This is the most common FastAPI middleware mistake:
# WRONG ORDER - results in confusing behaviour
app.add_middleware(RequestIDMiddleware) # Added first
app.add_middleware(TimingMiddleware) # Added second
app.add_middleware(CORSMiddleware, ...) # Added third
# ACTUAL EXECUTION ORDER IS REVERSED:
# Request: CORSMiddleware → TimingMiddleware → RequestIDMiddleware → route
# Response: RequestIDMiddleware → TimingMiddleware → CORSMiddleware → client
# So if TimingMiddleware needs the request_id set by RequestIDMiddleware,
# it won't have it - because RequestIDMiddleware runs AFTER it on the request path!
# CORRECT ORDER for "RequestID then Timing then CORS":
app.add_middleware(CORSMiddleware, ...) # Added first = outermost = runs last on request
app.add_middleware(TimingMiddleware) # Added second
app.add_middleware(RequestIDMiddleware) # Added last = innermost = runs first on request
The rule: the last middleware added is the first one executed. Add middleware in reverse order of desired execution.
Request ID Middleware
# upload_service/middleware/request_id.py
import uuid
from starlette.middleware.base import BaseHTTPMiddleware
from starlette.requests import Request
from starlette.responses import Response
class RequestIDMiddleware(BaseHTTPMiddleware):
"""
Assigns a unique ID to every request.
Propagates incoming X-Request-ID if provided (for distributed tracing).
Adds X-Request-ID to every response.
"""
async def dispatch(self, request: Request, call_next) -> Response:
# Use incoming ID if present (from API gateway or upstream service)

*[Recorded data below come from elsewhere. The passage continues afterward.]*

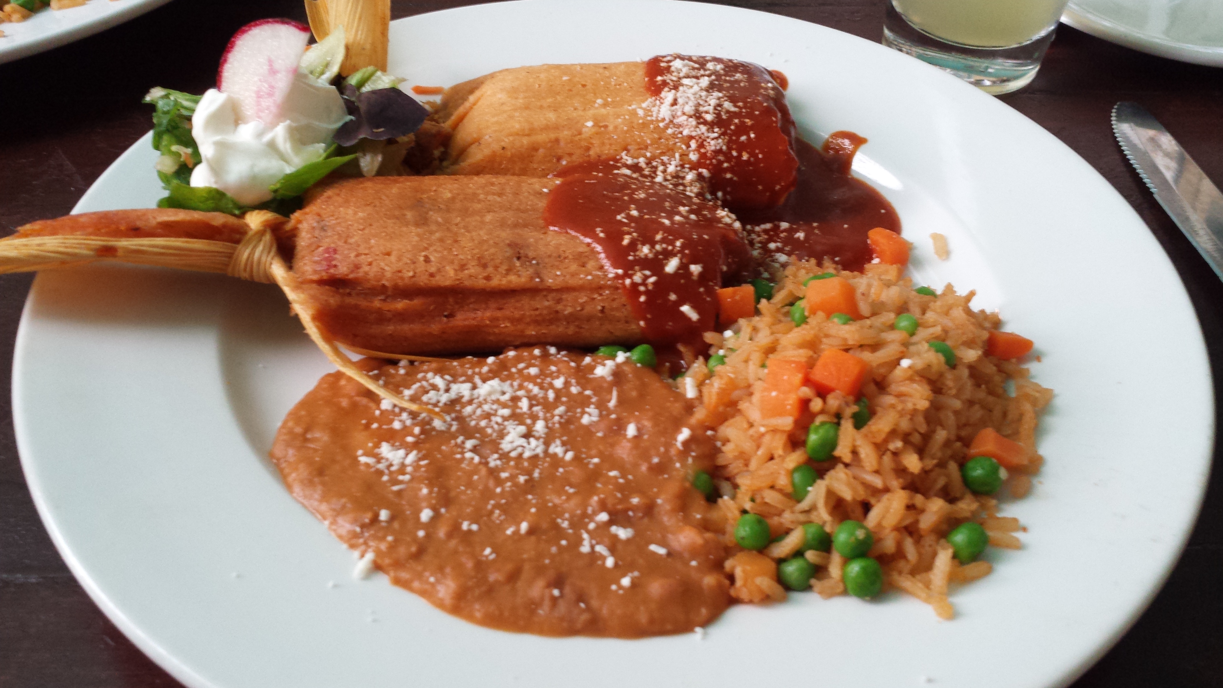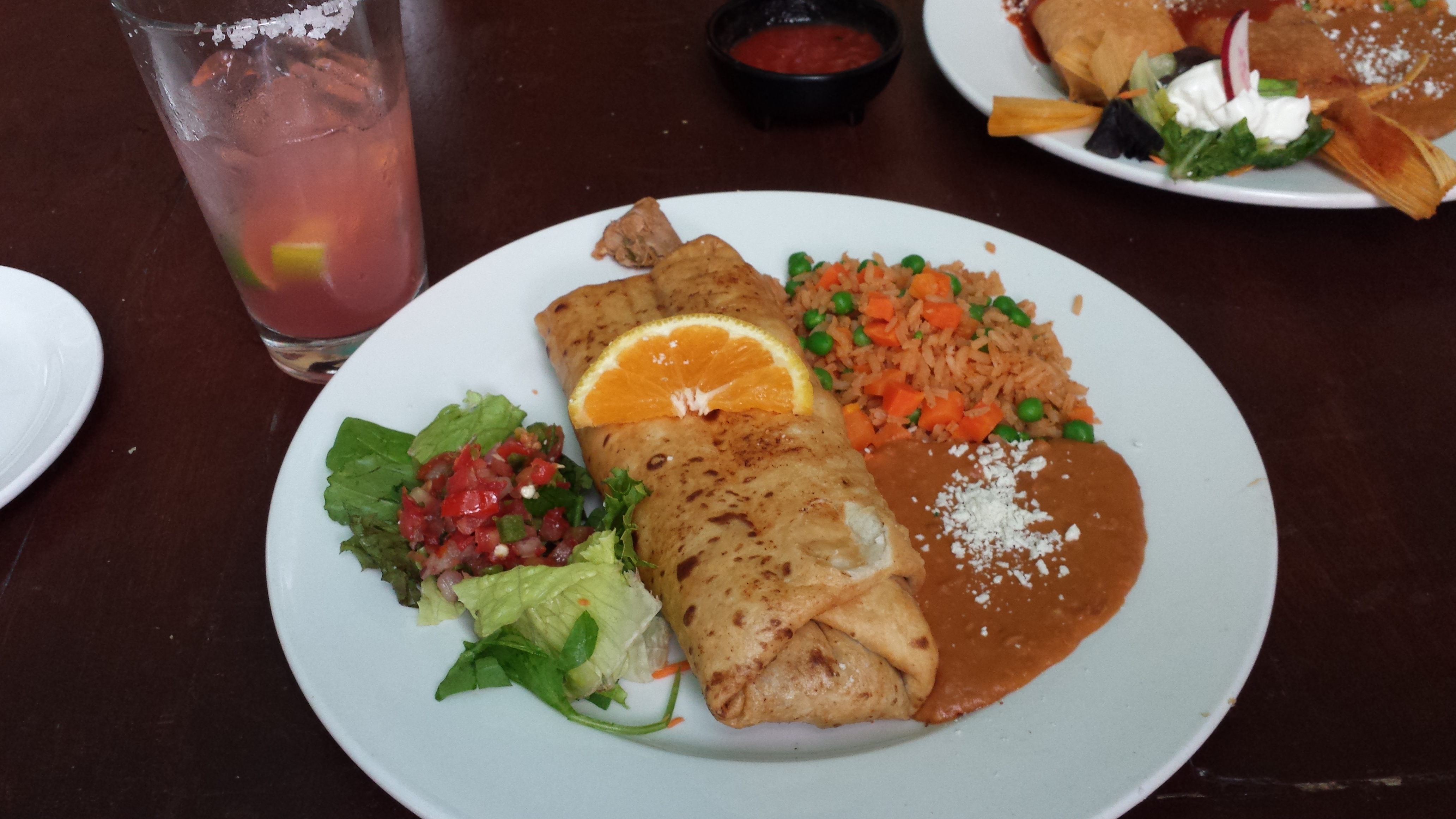 Anyway, back to lunch. While having our Margies, we enjoyed a bowl of hot, fresh tortilla chips with some really good red salsa, not too hot and not loaded with veggies! Ordered our meals, mine was a pork chimi with refried beans while Collette had chicken tamales. Both were really pretty good and nice serving sizes.
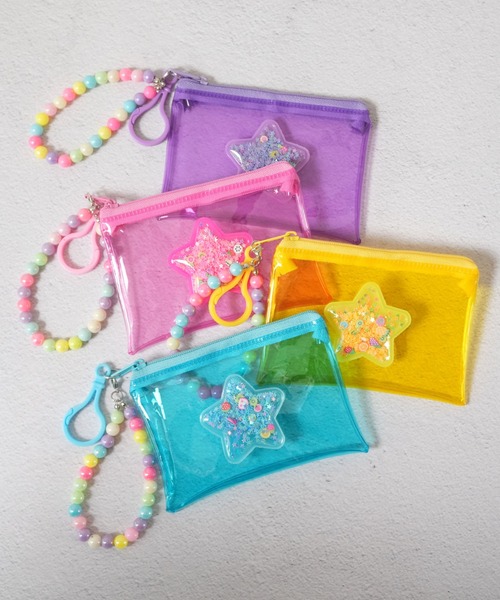 パステルカラーのビーズストラップ付きで、持ち歩きも楽しく♪全4色(パープル・ピンク・イエロー・ブルー)から選べて、推し活グッズや小物収納にもぴったり。中身が見えるから使いやすく、コスメ、アクセ、文房具などを入れてもOK!子供から大人まで♡自分用にはもちろん、友達へのプチギフトにもおすすめです♪
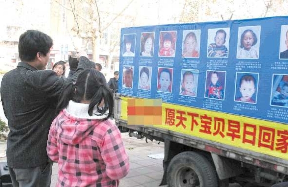 18日,11位丢失孩子的父母千里迢迢来到聊城,他们从郑州出发,开着两辆贴有儿童照片的车,走了10多天,去过几十个地方,只为寻找丢失的孩子。图为:聊城市民用手机拍照,记下丢失儿童的情况,以帮家长找孩子。
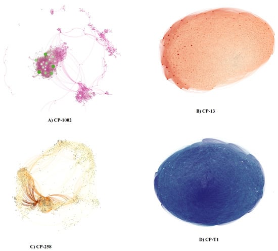 Using the miRsig tool, we built gene coexpression networks with four datasets, two for each C. pseudotuberculosis strain; Table 1 shows the sizes of these datasets. For the whole genome expressed datasets, we predicted a network with 86,367 gene-gene interactions for Cp-13, 9376 interactions for CP-258, 6682 for CP-1002, and 107,202 for CP-T1 (Figure 1). For the differentially expressed networks, we predicted a total of 46 gene-gene interactions for CP-13, 165 interactions for CP-258, 155 for CP-1002, and 98 for CP-T1. The whole genome and differentially expressed genes networks are provided in the Supplementary File 1: Datasheet 1 and Datasheet 2.
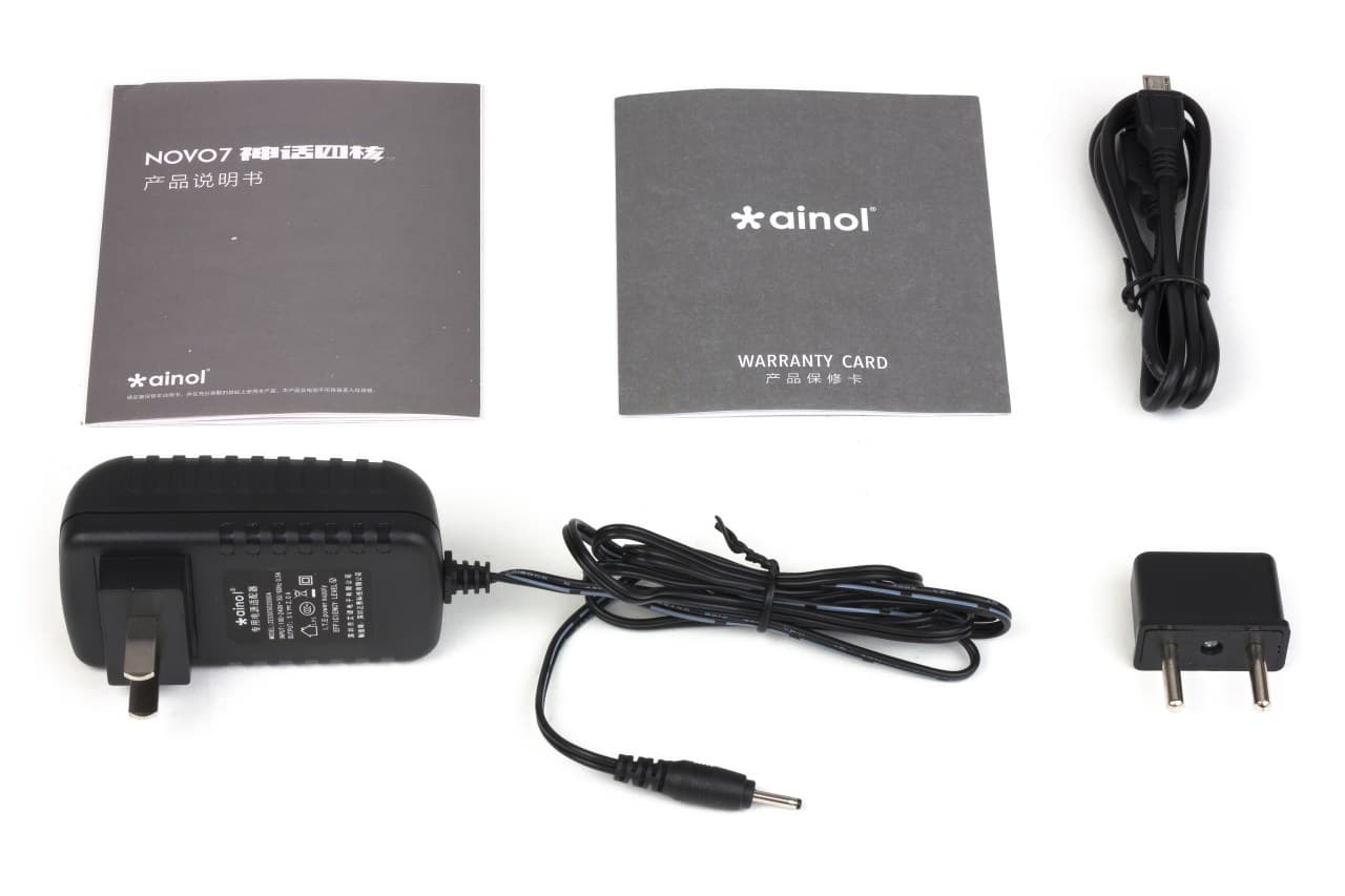 Комплектацию Ainol Novo 7 Venus можно смело оценить как минимальную. Впрочем, это именно базовая комплектация, и конкретный продавец может прилагать в комплекте какие-нибудь бонусы.
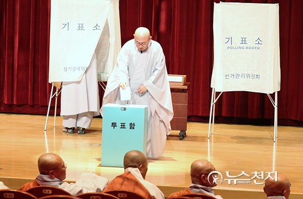 [천지일보=박준성 기자] 대한불교조계종 제35대 총무원장 선거가 12일 오후 1시부터 서울 중구 한국불교역사문화기념관 전통문화예술공연장에서 진행되고 있다. 조계종 중앙선거관리위원회는 3시 투표가 마무리 되며 이후 개표 결과를 발표할 예정이다. 이번 총무원장 선거는 기호 1번 설정스님과 기호 2번 수불스님의 2파전으로 치러진다.
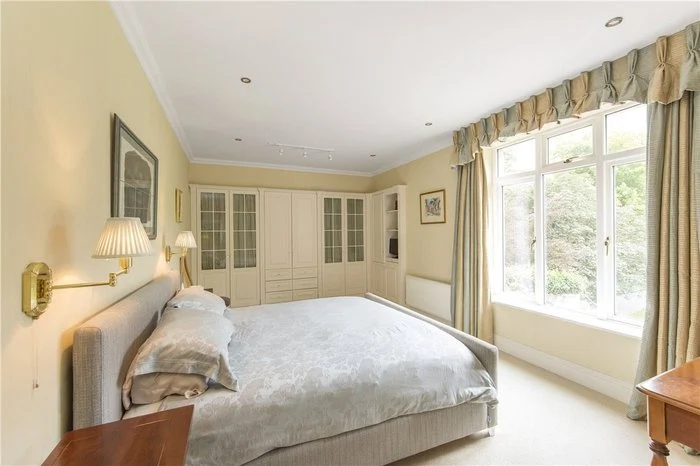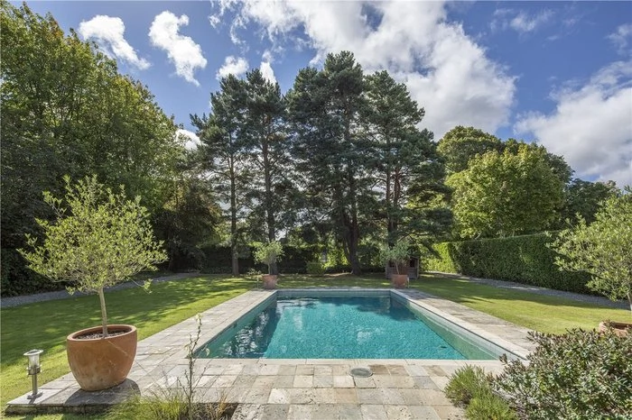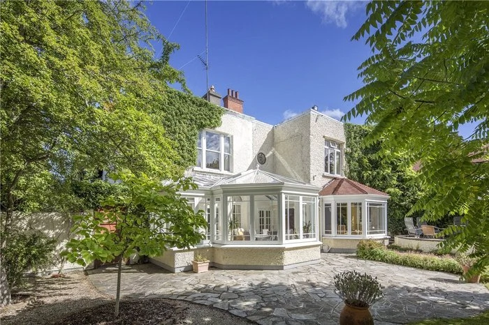 This Edwardian home has an impressive seven bedrooms, as well as a large garden complete with swimming pool and tennis court.

request_id = request.headers.get("X-Request-ID") or str(uuid.uuid4())
# Store in request state for access in routes and other middleware
request.state.request_id = request_id
response = await call_next(request)
# Echo the request ID back in the response
response.headers["X-Request-ID"] = request_id
return response
Timing Middleware
# upload_service/middleware/timing.py
import time
import logging
from starlette.middleware.base import BaseHTTPMiddleware
from starlette.requests import Request
from starlette.responses import Response
logger = logging.getLogger("upload_service.timing")
class TimingMiddleware(BaseHTTPMiddleware):
"""
Measures request processing time.
Logs slow requests.
Adds X-Process-Time header to responses.
"""
SLOW_REQUEST_THRESHOLD_MS = 500
async def dispatch(self, request: Request, call_next) -> Response:
start = time.perf_counter()
response = await call_next(request)
duration_ms = (time.perf_counter() - start) * 1000
response.headers["X-Process-Time"] = f"{duration_ms:.2f}ms"
log_data = {
"method": request.method,
"path": request.url.path,
"status": response.status_code,
"duration_ms": round(duration_ms, 2),
"request_id": getattr(request.state, "request_id", "unknown"),
}
if duration_ms > self.SLOW_REQUEST_THRESHOLD_MS:
logger.warning("Slow request detected", extra=log_data)
else:
logger.info("Request handled", extra=log_data)
return response
Correlation ID Propagation (Distributed Tracing Context)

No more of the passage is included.